Комиссар ждал, когда все приступят к кофейной церемонии, и заговорил, при этом складывая представленные документы и аккуратно убирая фотографии в старую голубую папку доктора Ковэра.
– С этим досье может ознакомиться любой, кому оно будет интересно, – произнес он, завязывая ленточки.
Все рассчитывали услышать внятное заявление, угрозу, увидеть боевую стойку. Однако это было не в духе комиссара, и его команда это знала.
– Поднимите руки те, кто хотел бы, чтобы на его компьютер отправили копию материалов?
Вот и все. Ни подведения итогов, ни громких слов. После секундного колебания первым поднял руку Ноэль. Адамберг всегда знал, что Ноэлю не хватает многих необходимых для полицейского качеств, зато храбрости в избытке. Следом за ним руки подняли все, кроме Данглара. Еще несколько секунд все ждали, чтобы у него хотя бы дрогнула рука, чтобы он сделал хотя бы неопределенный жест, но майор, белый как мел, не шелохнулся.
– Спасибо, – сказал Адамберг. – Все могут идти на обед.
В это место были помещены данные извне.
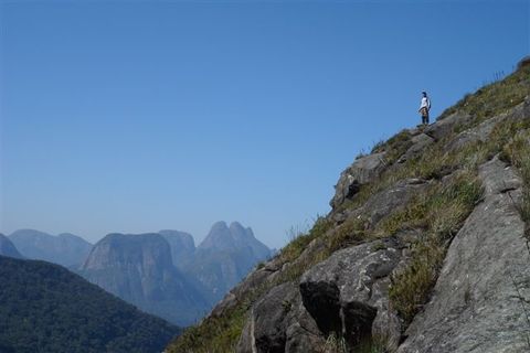 Bom, chegamos ao cume às 13h50, numa bela tarde de final de inverno. Visual indescritível com as montanhas de Petrópolis, Serra dos Órgãos e, ao nosso lado, Seio da Mulher de Pedra, Buraco do Ouro, Salinas, Morro do Carmos…luxo….
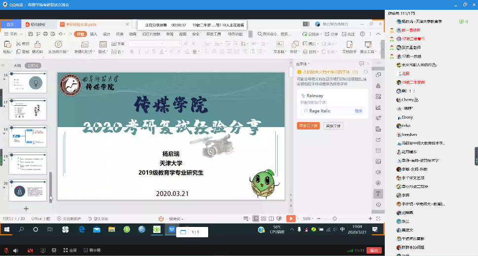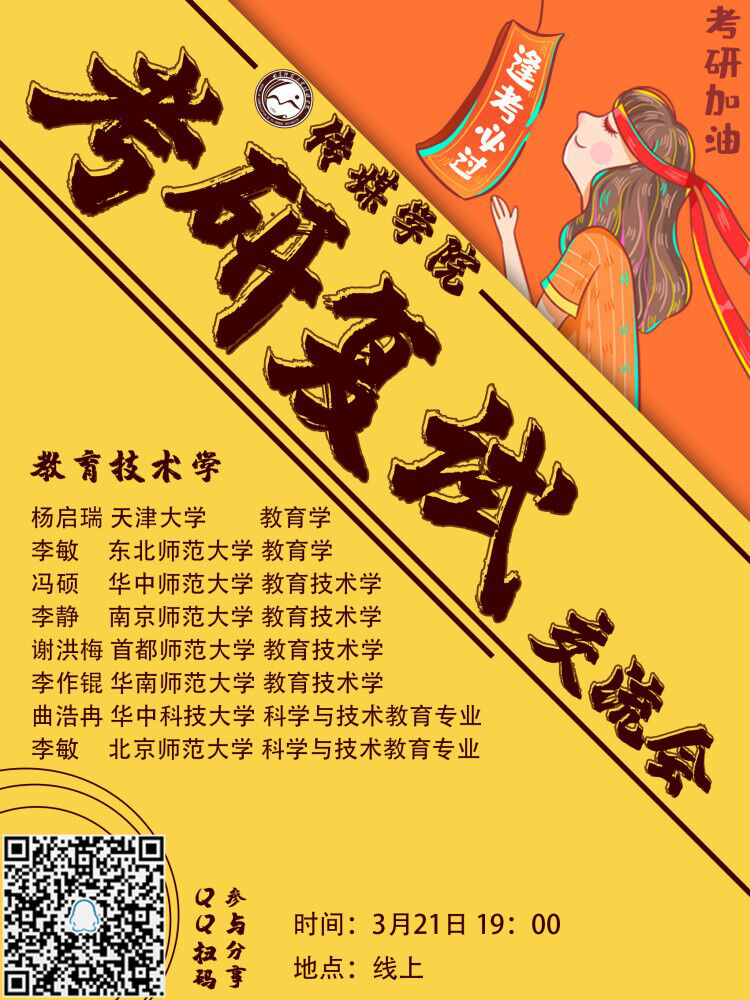 举办2020年教育技术学专业考研复试经验线上分享会。本次分享会邀请到了天津大学2019级教育学专业研究生杨启瑞、东北师范大学2019级教育学专业研究生李敏、华中师范大学2019级教育技术学专业研究生冯硕、南京师范大学2019级教育技术学专业研究生李静、首都师范大学2019级教育技术学专业研究生谢洪梅、华南师范大学2019级教育技术学专业研究生李作锟、华中科技大学2019级科学与技术教育专业研究生曲浩冉、北京师范大学2019级科学与技术教育专业研究生李敏,共计6位老虎机

Комната постепенно пустела, на лицах отражались противоречивые мысли: сожаление, что не удалось стать свидетелями схватки между Дангларом и комиссаром, и смутное удовольствие оттого, что придется распутывать безнадежное дело. Эти мысли сопровождались быстрыми взглядами, скрытыми знаками одобрения упорству, которое проявил Адамберг. Они считали его мечтателем, витающим в облаках и не желающим спускаться на землю, и именно этим свойствам приписывали его неправдоподобный сегодняшний успех. Не понимая, что он просто видит в тумане.
Данглар, отчасти утративший свою надменность, тоже двинулся к выходу вместе с остальными.
– Все, кроме вас, майор, – произнес Адамберг, одновременно печатая сообщение Вейренку:
Постой у двери и послушай.
Глава 22
– Это приказ? – спросил Данглар, возвращаясь.
– Если вам нравится так это называть, пожалуйста.
– А если я тоже умру, только от голода?
– Не усложняйте мне задачу. Если бы вы действительно хотели есть, я бы вас отпустил. И мне все равно, что вы потом побежите к Брезийону и донесете на меня, обвинив в том, что я, ко всему прочему, пытаю сотрудников.
– В таком случае все прекрасно, – произнес Данглар и вновь направился к выходу.
– Я сказал, что хочу, чтобы вы остались, Данглар.
– Значит, это все-таки приказ.
– Потому что я знаю: вы не умираете с голоду. Вы не обедать идете, а хотите сбежать. Я достаточно хорошо вас знаю, а потому предсказываю: сбежите сейчас – погубите свою душу. Сядьте.
Данглар не захотел сесть напротив Адамберга, а быстрым шагом, почти бегом в гневе направился к стулу, на котором сидел во время совещания, метрах в пяти от комиссара.
– Чего вы боитесь, майор? Что я проткну вас клинком? Данглар, я вас уже спрашивал: неужели вы меня забыли, мы ведь так давно вместе? Если вы выбираете осторожность, поступайте, как считаете правильным.
– “Истинное благоразумие состоит в том, чтобы в начале дела предвидеть его конец” – гласит восточная мудрость.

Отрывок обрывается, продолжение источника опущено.